Now we ask ourselves how long does it take for an event to reach its peak influence of the movie industry. We therefore define latency to be the first year after the event where the similarity fraction of that year is greater than the largest year before the event. The latency is not defined if no such year exist. Latency should serve as a simple and interpretable metric for defining time to peak influence.
We find that the latency is defined for 16 out of 23 events (see table below). The average latency is 16.2 years and the median 16 years. Although it’s difficult to know for sure since we have limited data, but it looks like the results can be charactericed by two distinct groups. The first where the movie industry is quickly influenced by the event (the first events with latencies between 1-4 years), and the second where it ranges from 13-44 years.
latency | |
---|---|
Pearl Harbor | 1 |
Atomic Bombing Of Hiroshima And Nagasaki | 2 |
The Truman Doctrine Is Announced | 2 |
The Marshall Plan Is Implemented To Assist Post-War Europe | 3 |
The Korean War | 4 |
Brown v. Board of Education of Topeka | 4 |
The Warsaw Pact Is Signed | 13 |
Sputnik Is Launched | 16 |
China Begins The Great Leap Forward | 16 |
President Kennedy Is Assassinated | 16 |
Civil Rights Act Is Passed | 16 |
Apollo 13 | 17 |
The Iranian Revolution Happens | 22 |
John Hinckley Jr Attempts To Assassinate Reagan | 23 |
The War In The Falkland Islands Begins | 25 |
The Berlin Wall Falls | 28 |
Nelson Mandela Is Released From Prison | 40 |
Apartheid Ends | 44 |
How are historical events and concepts perceived through movies ?
Our perceptions of past events change as time goes on. By doing a sentiment analysis on the plots of movies about these events, we can see how events and concepts are viewed differently over time through the lens of film. Here, we can see that globally movie plots have been generally negative, and becoming slightly more negative over time.
Here we present 3 examples to show how events are viewed differently over time.

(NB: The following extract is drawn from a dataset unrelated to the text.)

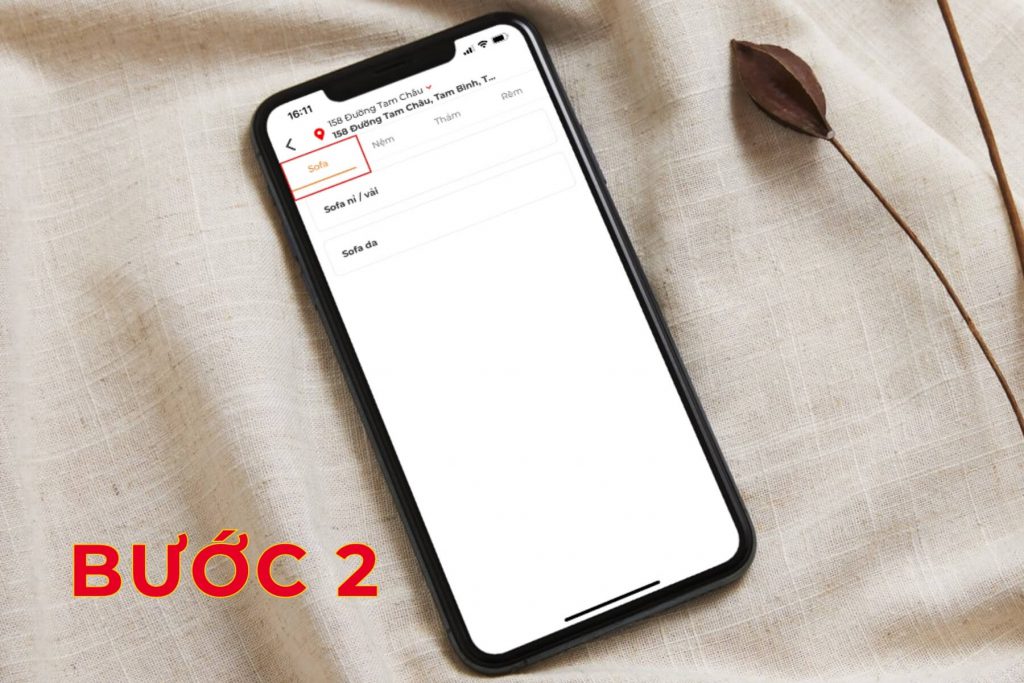 Bước 2: Thêm địa chỉ và chọn tab “Sofa” trong 4 tab: Sofa, nệm, thảm và rèm.

1. We select movie plots most similar (similarity score > 0.8) to the wikipedia article of the Berlin Wall (general, which focuses on its construction) and the Fall of Berlin Wall, we see that the two events are perceived differently. Although both events are perceived as negative, the Fall Of Berlin Wall has a more positive sentiment score and a faster increasing slope. This corresponds to the more postive perception of Berlin Wall’s Fall and the end of the Cold War.

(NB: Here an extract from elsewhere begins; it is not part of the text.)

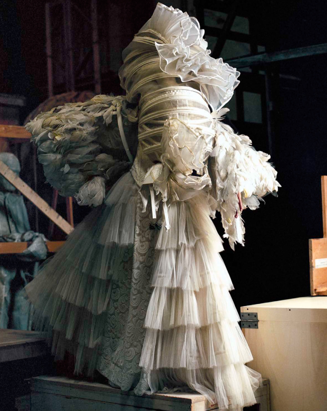 The exhibition was presented during Spoleto67 Festival dei Due Mondi at the former church of the Manna d’Oro in Piazza Duomo, Spoleto, a 17th-century baptistery often used by the Carla Fendi Foundation to host its cultural projects. Invited to respond to the prestigious and recently established costume archive of the Spoleto Festival dei Due Mondi, Rodriguez and Zamara selected costumes from historic operas and ballets, combining them in unexpected and elaborate ways, to emphasize and assess the way dress defines identity. Capturing the flare and detail of the original costumes whilst placing them in new situations referencing fashion, Rodriguez, who trained as a dancer and performed worldwide before turning to photography, presents his subjects as other-worldly entities with costumes as body-surrogates. Each models' movements – burdened or empowered – aligns their capacity for expression with the performativity of the dress.

2. We compare the sentiments towards two wars with many similar characteristics. Both the Korean War and the Vietnam War started in the 1950s, with the United States combatting overseas in Asia against communist forces. Both wars ended with unsatisfactory results from the U.S. perspective. The Korean War ended with an armistice, and the Vietnam war ended with a U.S. defeat. It’s reasonable that the two wars exhibit similar negative sentiments (-0.47 and -0.62). This particularly obvious when compared to the Falklands War between Argentina and the U.K. in the 1980s, which also had a cultural impact.